Time Limit: 4000/2000 MS (Java/Others) Memory Limit: 65768/65768 K (Java/Others)
Total Submission(s): 23308 Accepted Submission(s): 5543
Problem Description
A lot of battleships of evil are arranged in a line before the battle. Our commander decides to use our secret weapon to eliminate the battleships. Each of the battleships can be marked a value of endurance. For every attack of our secret weapon, it could decrease the endurance of a consecutive part of battleships by make their endurance to the square root of it original value of endurance. During the series of attack of our secret weapon, the commander wants to evaluate the effect of the weapon, so he asks you for help.
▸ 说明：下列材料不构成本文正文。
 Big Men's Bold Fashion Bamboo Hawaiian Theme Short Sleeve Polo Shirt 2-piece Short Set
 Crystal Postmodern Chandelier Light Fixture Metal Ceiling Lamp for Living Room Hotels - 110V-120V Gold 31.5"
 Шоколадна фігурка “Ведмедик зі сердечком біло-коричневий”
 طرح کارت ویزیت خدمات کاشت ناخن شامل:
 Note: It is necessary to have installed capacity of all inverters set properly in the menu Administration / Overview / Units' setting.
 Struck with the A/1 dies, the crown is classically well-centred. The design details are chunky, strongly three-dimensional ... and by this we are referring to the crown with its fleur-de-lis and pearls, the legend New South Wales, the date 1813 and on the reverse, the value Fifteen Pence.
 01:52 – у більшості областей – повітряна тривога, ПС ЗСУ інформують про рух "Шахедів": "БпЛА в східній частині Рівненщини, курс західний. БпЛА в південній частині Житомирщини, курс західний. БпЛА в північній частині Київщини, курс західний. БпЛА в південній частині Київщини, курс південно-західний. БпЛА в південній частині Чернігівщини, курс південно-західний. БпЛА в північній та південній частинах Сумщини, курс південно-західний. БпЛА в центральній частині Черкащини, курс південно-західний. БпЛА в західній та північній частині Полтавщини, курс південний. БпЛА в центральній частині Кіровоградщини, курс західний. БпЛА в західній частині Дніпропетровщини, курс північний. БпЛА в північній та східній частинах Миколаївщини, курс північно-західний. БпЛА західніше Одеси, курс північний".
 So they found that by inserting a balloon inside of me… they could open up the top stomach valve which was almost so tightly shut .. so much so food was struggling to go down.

You are asked to answer the queries that the sum of the endurance of a consecutive part of the battleship line.
Notice that the square root operation should be rounded down to integer.
Input
The input contains several test cases, terminated by EOF.
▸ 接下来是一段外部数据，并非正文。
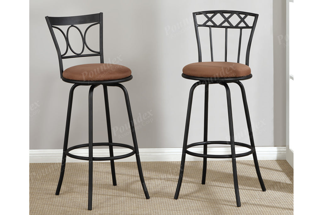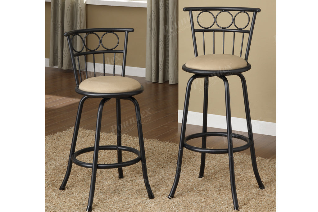 This barstool collection features a selection of two contemporary styled chairs with round upholstered seat cushions in a light color framed in a dark metal finish with bold lines covering the chair supports.
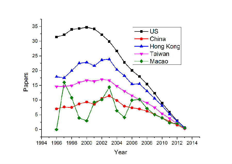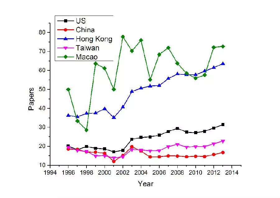 平均被引频次还是偏低,大陆地区与澳门地区基本相当。显然与论文数量发展不相称,在注重提高质量可能要比追求是量更重要。
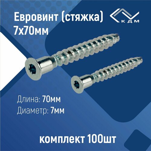Евровинты, конфирматы, стяжки шурупные мебельные оцинкованные 7х70 (под шестигранник), набор 100 шт.
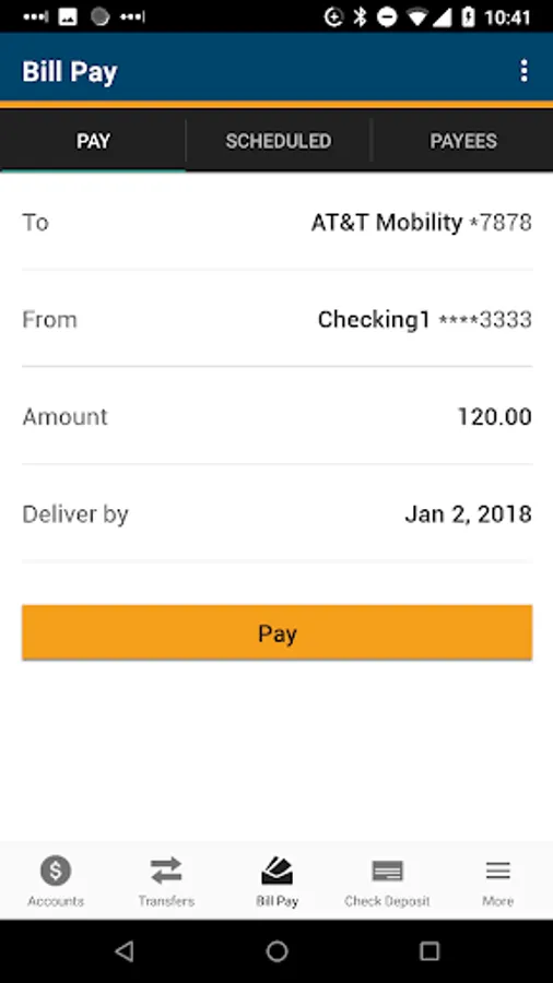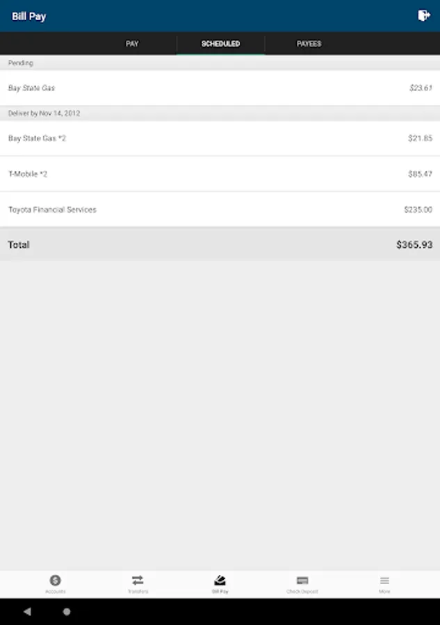 - Pay bills, review scheduled bills, and review previously paid bills from your Android Phone or Tablet.
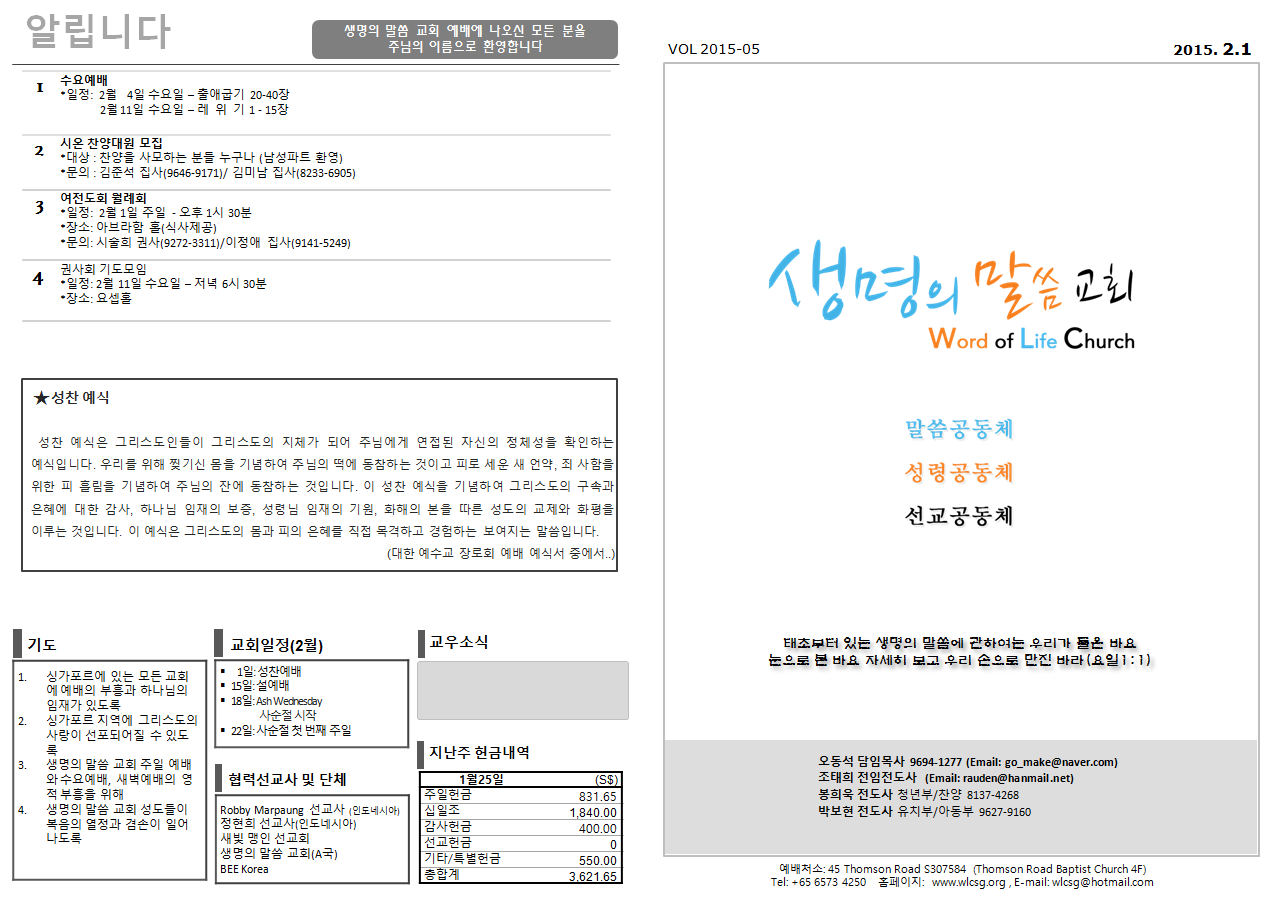주소 : 19 Moulmein Rise Singapore 308134 (Revival Centre Church 3-4F)

For each test case, the first line contains a single integer N, denoting there are N battleships of evil in a line. (1 <= N <= 100000)
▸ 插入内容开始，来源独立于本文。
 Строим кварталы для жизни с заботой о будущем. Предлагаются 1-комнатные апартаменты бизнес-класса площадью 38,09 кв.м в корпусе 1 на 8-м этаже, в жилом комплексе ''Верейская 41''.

The second line contains N integers Ei, indicating the endurance value of each battleship from the beginning of the line to the end. You can assume that the sum of all endurance value is less than 2^63.
The next line contains an integer M, denoting the number of actions and queries. (1 <= M <= 100000)
For the following M lines, each line contains three integers T, X and Y. The T=0 denoting the action of the secret weapon, which will decrease the endurance value of the battleships between the X-th and Y-th battleship, inclusive. The T=1 denoting the query of the commander which ask for the sum of the endurance value of the battleship between X-th and Y-th, inclusive.
Output
For each test case, print the case number at the first line. Then print one line for each query. And remember follow a blank line after each test case.
Sample Input
10 1 2 3 4 5 6 7 8 9 10
5
0 1 10
1 1 10
1 1 5
0 5 8
1 4 8
Sample Output
Case #1: 19
7
6
Source
The 36th ACM/ICPC Asia Regional Shanghai Site —— Online Contest
对于这种区间更新和查询,一般会想到用线段树。在进行更新操作的时候,由于是开根号取整,1开根号是其本身,所以在每个子区间进行更新时,特判一下会快很多,避免超时。
#include<bits/stdc++.h>
using namespace std;
#define lson l,m,rt<<1
#define rson m+1,r,rt<<1|1
const int maxn=1e5+5;
typedef long long ll;
ll sum[maxn<<2];
void PushUP(int rt)
{
sum[rt]=sum[rt<<1]+sum[rt<<1|1];
}
void build(int l,int r,int rt)
{
if(l==r)
{
scanf("%lld",&sum[rt]);
return ;
}
int m=(l+r)>>1;
build(lson);
build(rson);
PushUP(rt);
}
void update(int L,int R,int l,int r,int rt)
{
if(l==r)
{
sum[rt]=sqrt(sum[rt]);
return ;
}
if(L<=l&&R>=r&&sum[rt]==r-l+1)//如果区间内的所有数都是1则不必更新
return;
int m=(l+r)>>1;
if(L<=m)
update(L,R,lson);
if(m<R)
update(L,R,rson);
PushUP(rt);
}
ll query(int L,int R,int l,int r,int rt)
{
if(L<=l&&r<=R)
{
return sum[rt];
}
int m=(l+r)>>1;
ll ret=0;
if(L<=m)
ret+=(ret,query(L,R,lson));
if(R>m)
ret+=(ret,query(L,R,rson));
return ret;
}
int main()
{
int n,m,t=0;
while(scanf("%d",&n)==1)
{
int a,b,c;
build(1,n,1);
scanf("%d",&m);
printf("Case #%d:\n",++t);
while(m--)
{
scanf("%d%d%d",&a,&b,&c);
if(b>c) swap(b,c);
if(a)
printf("%lld\n",query(b,c,1,n,1));
else
update(b,c,1,n,1);
}
printf("\n");
}
return 0;
}